## Material provided
####

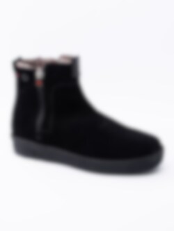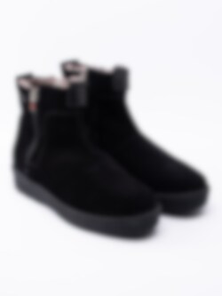 Svarta curlingkängor Mount Baker för herr från Canada Snow tillverkade i mocka. Varmfodrade för att hålla dig varm under kalla temperaturer. Dragkedja på insidan som öppning. Dekorativ dragkedja på utsidan med logga. Brunt foder och löstagbar innersula i fårskinn för att hålla dig varm. Sydd läderbit med logga på skaftkant av framparti. Svart yttersula i gummi med mönster och röd logga.
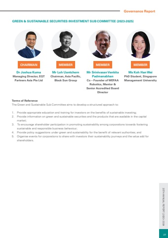 Governance ReportGREEN & SUSTAINABLE SECURITIES INVESTMENT SUB COMMITTEE (2023-2025)Dr Joshua KumaManaging Director, EQT Partners Asia Pte LtdCHAIRMAN Mr Loh Uantchern Chairman, Asia Pacific, Black Sun GroupMEMBERMr Srinivasan Venkita PadmanabhanCo %u2013 Founder of WEFAA Robotics, Mentor & Senior Accredited Board DirectorMEMBERTerms of Reference The Green and Sustainable Sub Committee aims to develop a structured approach to:1. Provide appropriate education and training for investors on the benefits of sustainable investing;2. Provide information on green and sustainable securities and the products that are available in the capital market;3. To encourage shareholder participation in promoting sustainability among corporations towards fostering sustainable and responsible business behaviour;4. Provide policy suggestions under green and sustainability for the benefit of relevant authorities; and5. Organise events for corporations to share with investors their sustainability journeys and the value add for shareholders.Ms Koh Han WeiPhD Student, Singapore Management UniversityMEMBER27 25TH ANNUAL REPORT | 2023 - 2024
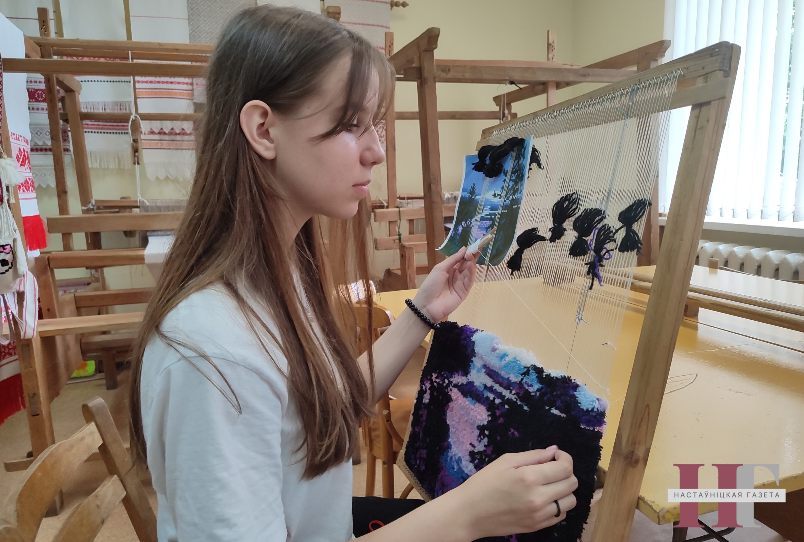 — Два станка у нас для изготовления выставочных работ, два — для изделий, которые воспитанники делают для себя. На одном ткутся сумки-шоперы и рюкзаки из более толстых нитей, на другом — изящные рушники или салфетки. Почему очередь? Процесс ведь небыстрый. Например, недавно ученица Ульяна Пукало, перешедшая в 10-й класс, соткала себе… свадебный рушник! На это ушло несколько месяцев кропотливого труда. На один шопер в среднем требуется две-три недели. Потом приступает следующий человек, — уточняет педагог.

####

## The problem
Return the material above exactly; the images stay out.

## Task response
 Svarta curlingkängor Mount Baker för herr från Canada Snow tillverkade i mocka. Varmfodrade för att hålla dig varm under kalla temperaturer. Dragkedja på insidan som öppning. Dekorativ dragkedja på utsidan med logga. Brunt foder och löstagbar innersula i fårskinn för att hålla dig varm. Sydd läderbit med logga på skaftkant av framparti. Svart yttersula i gummi med mönster och röd logga.
 Governance ReportGREEN & SUSTAINABLE SECURITIES INVESTMENT SUB COMMITTEE (2023-2025)Dr Joshua KumaManaging Director, EQT Partners Asia Pte LtdCHAIRMAN Mr Loh Uantchern Chairman, Asia Pacific, Black Sun GroupMEMBERMr Srinivasan Venkita PadmanabhanCo %u2013 Founder of WEFAA Robotics, Mentor & Senior Accredited Board DirectorMEMBERTerms of Reference The Green and Sustainable Sub Committee aims to develop a structured approach to:1. Provide appropriate education and training for investors on the benefits of sustainable investing;2. Provide information on green and sustainable securities and the products that are available in the capital market;3. To encourage shareholder participation in promoting sustainability among corporations towards fostering sustainable and responsible business behaviour;4. Provide policy suggestions under green and sustainability for the benefit of relevant authorities; and5. Organise events for corporations to share with investors their sustainability journeys and the value add for shareholders.Ms Koh Han WeiPhD Student, Singapore Management UniversityMEMBER27 25TH ANNUAL REPORT | 2023 - 2024
 — Два станка у нас для изготовления выставочных работ, два — для изделий, которые воспитанники делают для себя. На одном ткутся сумки-шоперы и рюкзаки из более толстых нитей, на другом — изящные рушники или салфетки. Почему очередь? Процесс ведь небыстрый. Например, недавно ученица Ульяна Пукало, перешедшая в 10-й класс, соткала себе… свадебный рушник! На это ушло несколько месяцев кропотливого труда. На один шопер в среднем требуется две-три недели. Потом приступает следующий человек, — уточняет педагог.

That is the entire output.